Our front yard on New Year’s Eve as the storm finally hit.

January 1st

I.
There is a huge pearl blanket overhead and a foot of snow on the ground. Holiday lights seem brighter than before, shining from inside white cocoons. House finches, gold finches brave the cold. A junco flies up to the squirrel baffle. She pecks at the seed caught there by the snow, then races to the ground. A squirrel plows through the drifts. He dives, then comes back up, shaking his fur and munching on sunflower husks and dropped seed. We nickname him The Surfing Squirrel.

The mugo pine is a warren. Song birds shelter in its branches in-between forays for seed. Some branches reach up with white mittens toward a gray sky. Others, weighed down with snow, bend towards the center, overlapping and creating nesting spots all the way down to the ground. “Cheerie! Cheerie!” The chickadees are here! They are the only ones who can call out with such cheer on a cold winter morning.

II.
A new shower of snow comes down with an insistence that demands respect. Please douse the remaining fires! Please smother the lasting fear and doubt! Now that you have finally arrived – good timing Old Man Winter! – please lift the veil just a little. Just enough to conduct people without homes to a safe and warm place. Just enough that those who have homes to return to, or those who were on the cusp of evacuating, have heat and light and food. Just enough that they have safe drinking water and all the supplies they need to get through this Cold Open of a New Year.

III.
My husband and I. We two. Together. Matching bowls of soup in front of the fire. An open bottle of wine. We are each other. The birds outside the window attenuate our relationship through glass.

Out of the corner of my eye, I see a face peak in the window. I turn. It is gone.

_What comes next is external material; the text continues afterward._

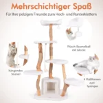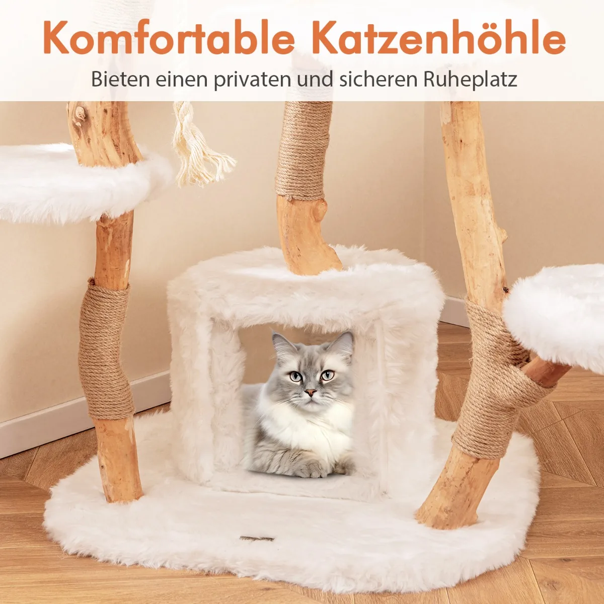 Draskyklė namelis 68x58x168 cm baltos ir šviesiai rudos spalvos – praktiškas ir funkcionalus sprendimas jūsų katei. Šis kačių medis suteikia stabilų pagrindą žaidimams, poilsiui ir nagų galandimui natūraliomis medžiagomis.

Simple and Sweet. Then twisting. Wild magic strikes, then turning, steals away. Sunlight parts clouds and caresses the wound. Then brown clouds return, ready to pierce through the peace of another day. They dissolve into innocent white. And I gather. I gather the secrets of clouds.

— Ellen A. Wilkin

Note: I wrote this piece in response to the Marshall Fire that began south of Boulder, Colorado on December 30th 2021, right before a heavy snowfall was predicted. It was fully contained in a few days. No one in my family or among my friends was directly affected, except for some folks who had to evacuate, but returned safely to their homes. Hundreds of others lost their homes.